Is climate change "material"? OSC calls on public companies to quantify their environmental risks

Posted by Andrew Lord

Reporting issuers must improve their disclosure of known and contingent environmental liabilities in continuous disclosure documents. That is the message of the Ontario Securities Commission’s Staff Notice 51-716 on Environmental Reporting (the “Staff Notice”), released February 27, 2008. It is a message that could become relevant not just to companies operating in environmentally sensitive areas, but to any company that faces risk from climate change.

The Staff Notice is discussed in detail in our Davis LLP online bulletin. Most generally, it calls on reporting issuers to provide more detailed discussion and quantitative analysis of their known and contingent environmental liabilities. Improved disclosure of material environmental liabilities must be made in annual financial statements, management discussion and analysis (MD&A), and annual information forms (AIF), as applicable.

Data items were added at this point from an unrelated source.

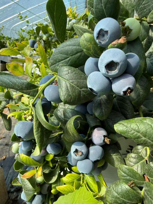 西杨乡二道岭村蓝莓采摘园由本地农户自主经营管理,坚持绿色生态种植,采用盆栽精细化管护,单座大棚栽植蓝莓约900盆,今年首次挂果便迎来丰收。园区严格遵循自然成熟规律,不催熟、零添加,果实果粉厚实、果肉细腻、清甜多汁,2月中下旬至3月初集中上市,目前已全面进入最佳采摘期,是早春时节不可多得的时令鲜果。
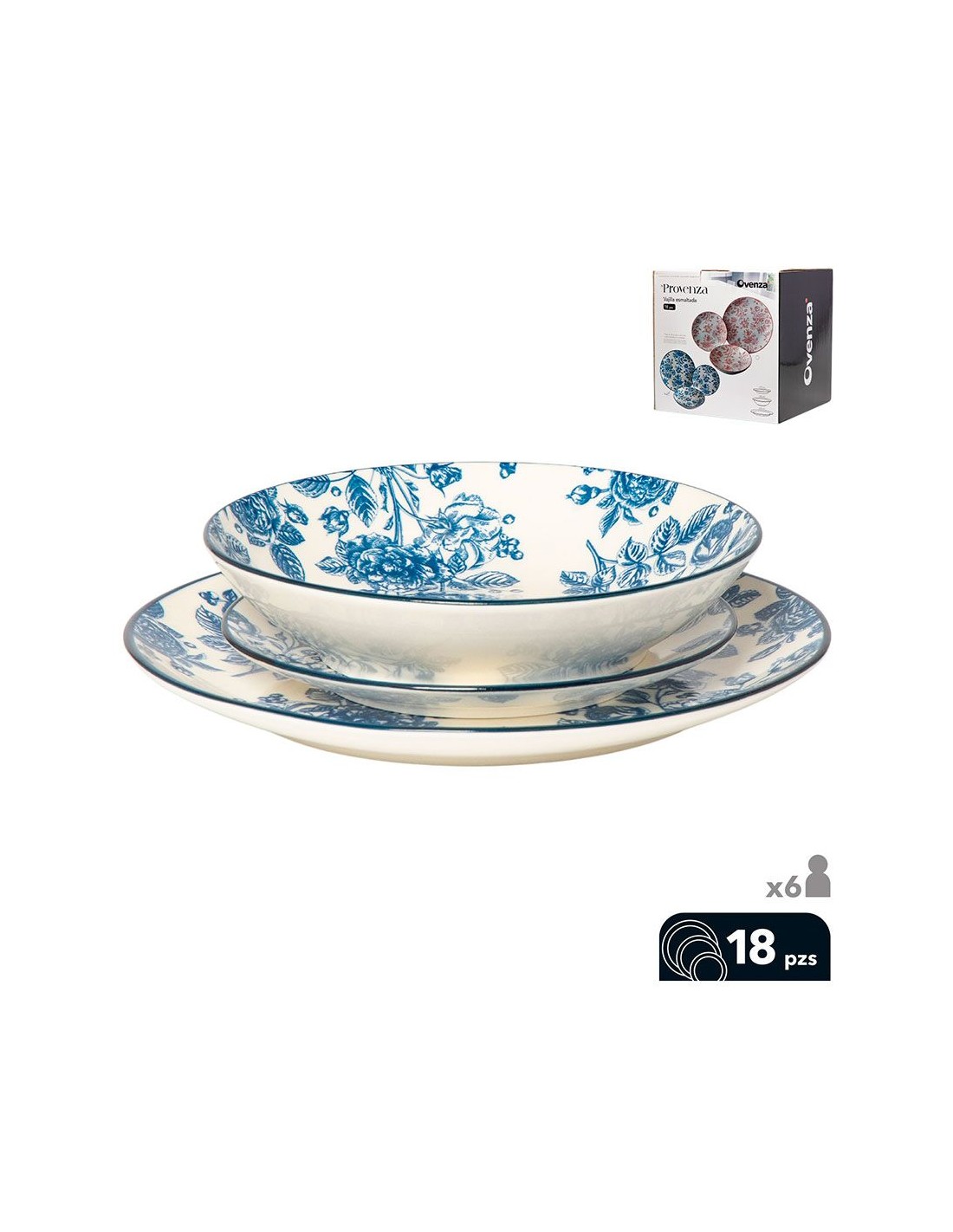 Vajilla esmaltada de 18 piezas, contiene: 6 x plato llano ø26 cm, 6 x plato hondo ø21 cm, 6 x plato postre ø19 cm modelo provenza, color azul apta para microondas y lavavajillas, no apta para horno
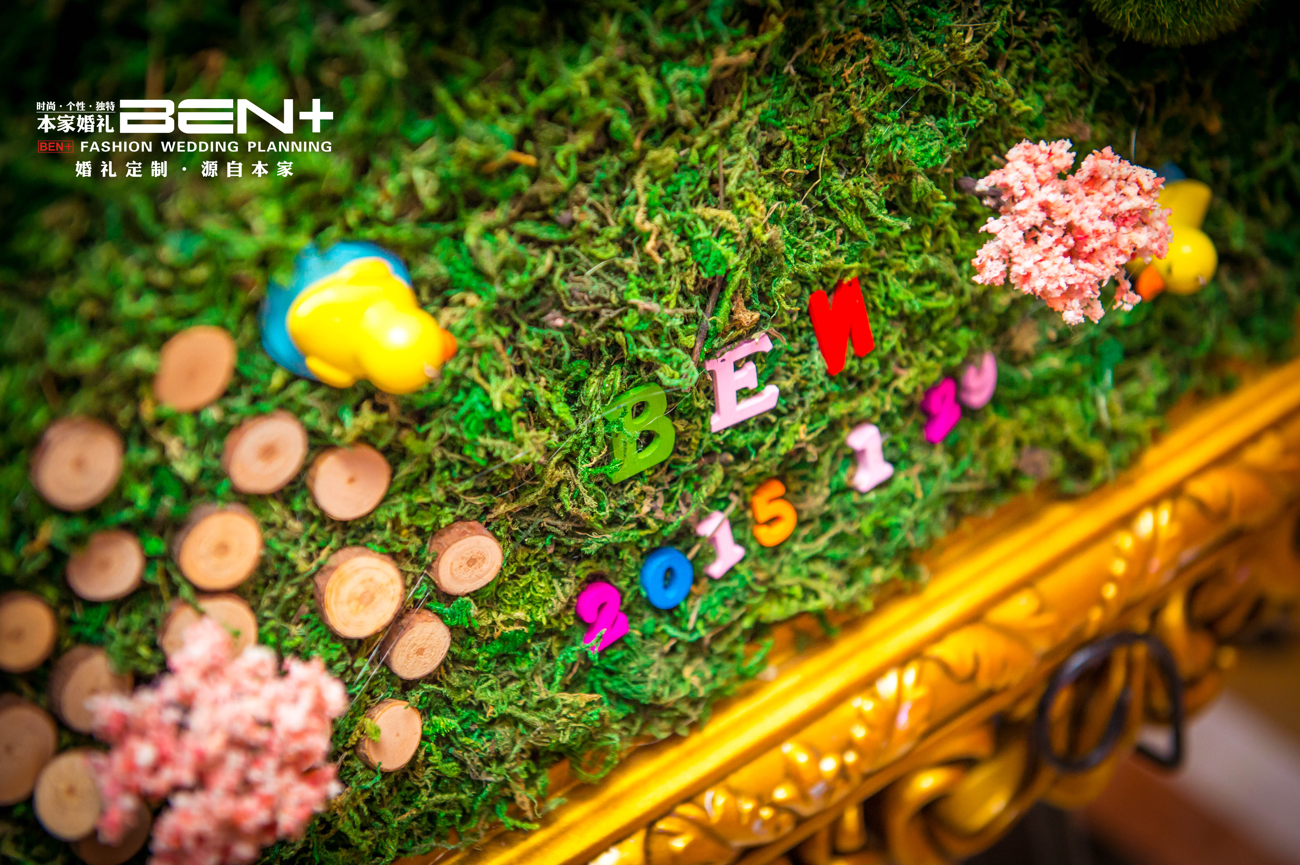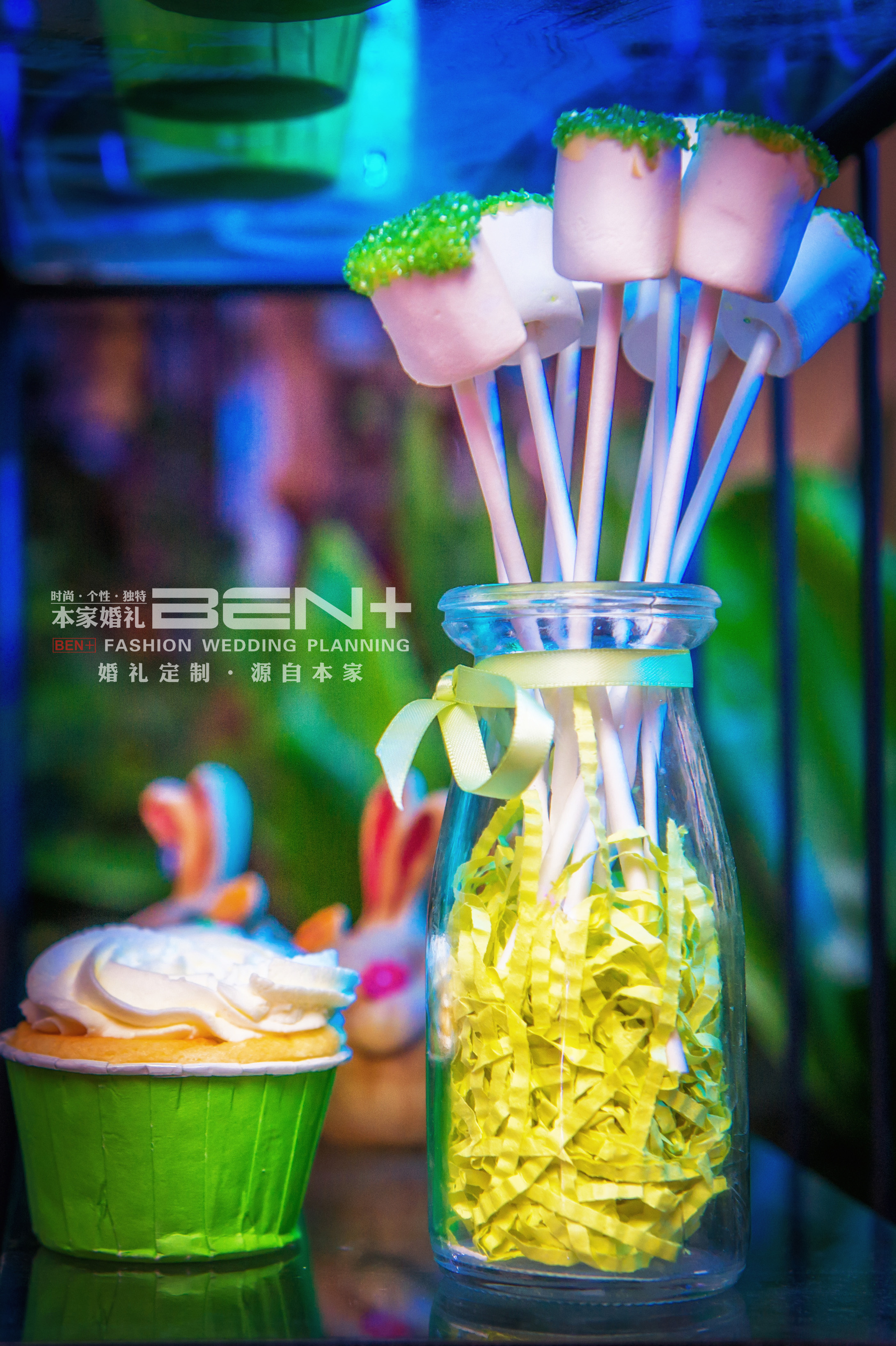 【宁海本家婚礼策划】新郎是一个爽快而有开朗的一个男人,新娘是一名活泼可爱的“白衣天使”,这场婚礼以新娘名“微·景”而命名;从主婚车到手捧花到甜品区等等都采用多肉植物和瓶中微景观元素;让一场婚礼更加年轻个性时尚化;
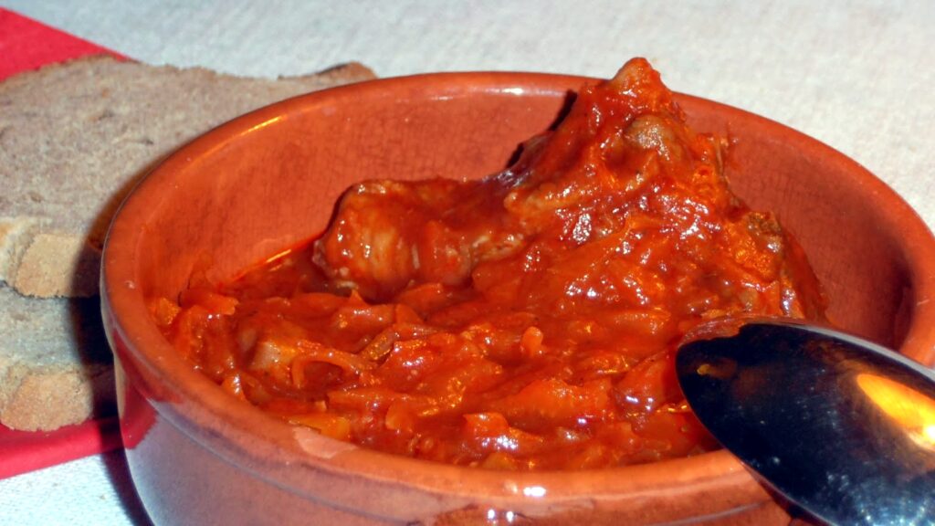 A pörköltben főzzünk egy kisebb csülköt (jobb lesz az íze). Amikor a pörkölt már majdnem készre főtt, hozzáadjuk a káposztát. Mikor a káposzta is megfőtt, elkészítjük a paradicsomszószt. Rántást készítünk, ehhez jön a paradicsomlé, a szószba teszek egy kiskanál őrölt fahéjat, szegfűszeget, vaníliás cukrot, pici sót és készre főzzük.
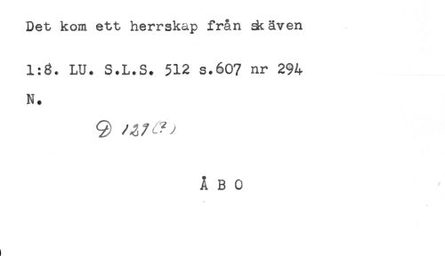 //// Det kom ett herrskap från ät även //// 1:8. LU. S.L.S. 512 s.607 nr 294 //// N. //// 9 W 'y //// ÅBO ////
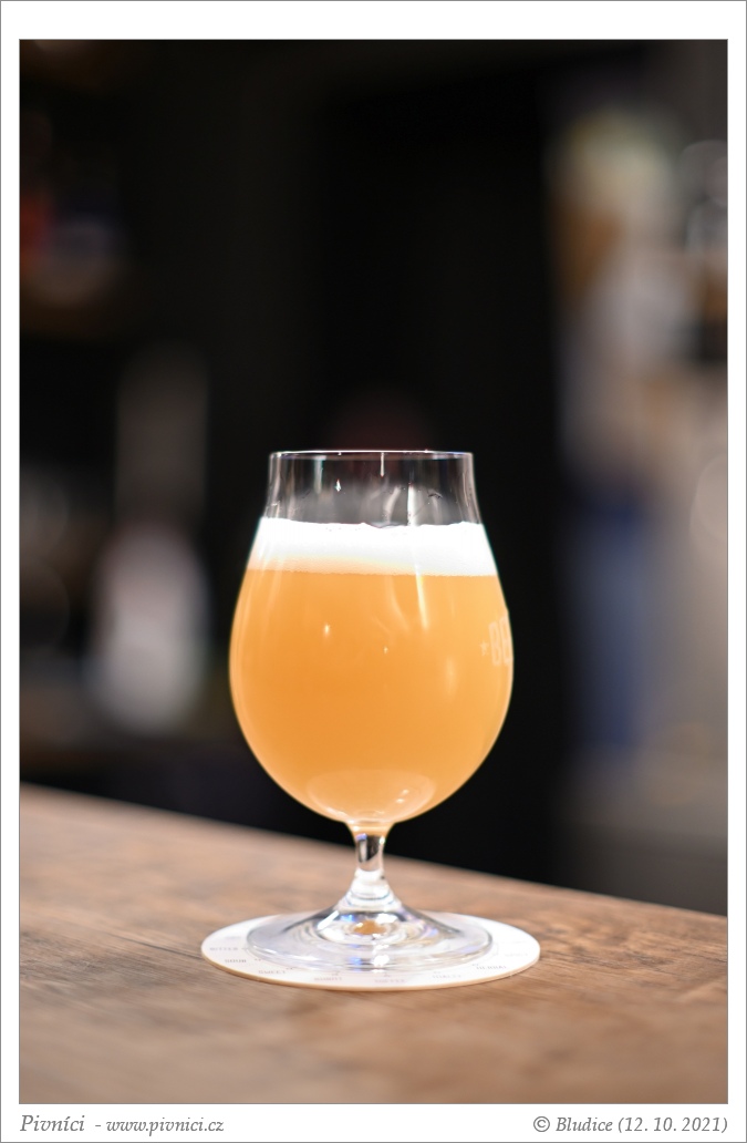 Nižší jemný říz, spíše vyšší plnost. V chuti sladové, se spíše nižší hořkostí, s jemnou nakyslostí a tóny tropického ovoce (mango, ananas), kokosu a broskví. Doznívání je sladové, jemně nakyslé, s tóny kokosu, tropického ovoce (mango, ananas) a broskví. Jemná struktura.Celkový dojem (8 - výborné pivo):
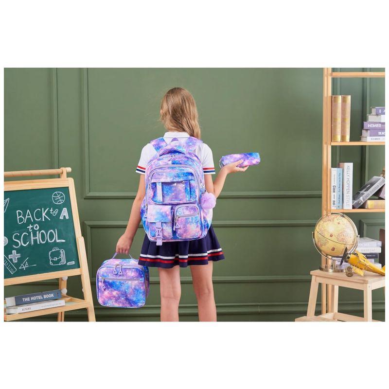 O conjunto é produzido em poliéster leve, resistente e repelente à água, com costuras reforçadas e zíperes de abertura suave, adequado ao uso diário em ambiente escolar e em atividades ao ar livre. As alças de ombro da mochila são acolchoadas com espuma espessa, possuem desenho ergonômico e fivela peitoral que auxilia na distribuição de peso e redução de deslizamentos, enquanto o painel traseiro acolchoado com material respirável aumenta o conforto. A lancheira possui isolamento térmico de parede dupla para manter alimentos e bebidas em temperatura adequada, e o estojo com bom volume interno ajuda a organizar lápis, canetas e outros acessórios escolares.
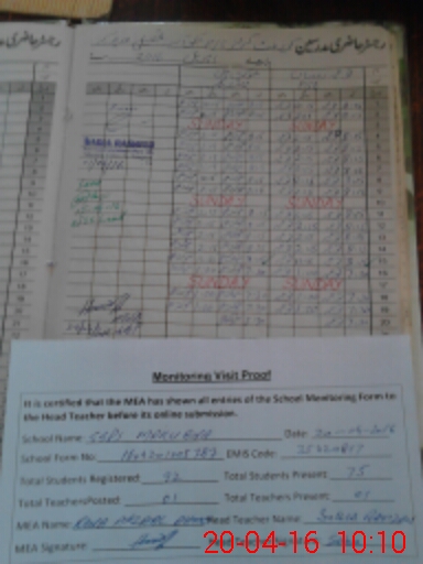 | Attendance Register | Head Teacher | MEA with School | Visit Proof |
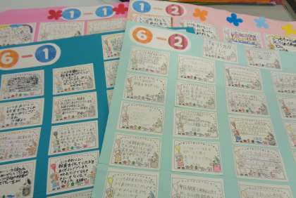 児童朝会で校長先生から給食週間についての話を聞いたり、給食調理員さんに各学級からの寄せ書きを渡したりしました。

The call for improved environmental disclosure has obvious implications for companies with direct involvement in environmentally sensitive industries. However, the Staff Notice is broad enough that any company whose business may be materially affected by climate change, or climate change legislation, may also be required to improve its disclosure. The Staff Notice specifically comments that companies must address material environmental risks generally. Climate change is an environmental risk that can materially affect the performance of a wide variety of industries. It can do so by, for example, altering the production and use of resources that depend on the weather (e.g., grain farming and skiing), leading consumers to choose different types of products (e.g., T-shirts instead of parkas), and creating new markets (e.g., voluntary carbon offsets). The Staff Notice also notes that companies must identify and discuss the financial and operational impact of environmental laws. As discussed elsewhere in this blog, laws designed to mitigate the effects of climate change are evolving rapidly. The imposition of carbon taxes and the implementation of mandatory cap-and-trade greenhouse gas trading systems are legislative changes that could have a profoundly material impact on the financial performance of companies. Both the risks of climate change and the effect of relevant laws may have to be addressed to meet the requirements described in the Staff Notice.

The challenge for reporting issuers is that many of the relevant environmental liabilities, including those posed by climate change, are contingent. Even though the financial impact of such risks may be difficult to predict, the Staff Notice sets a clear expectation that reporting issuers will apply business judgment to quantitative information that is reasonably available to provide detailed discussions and quantified estimates of these risks.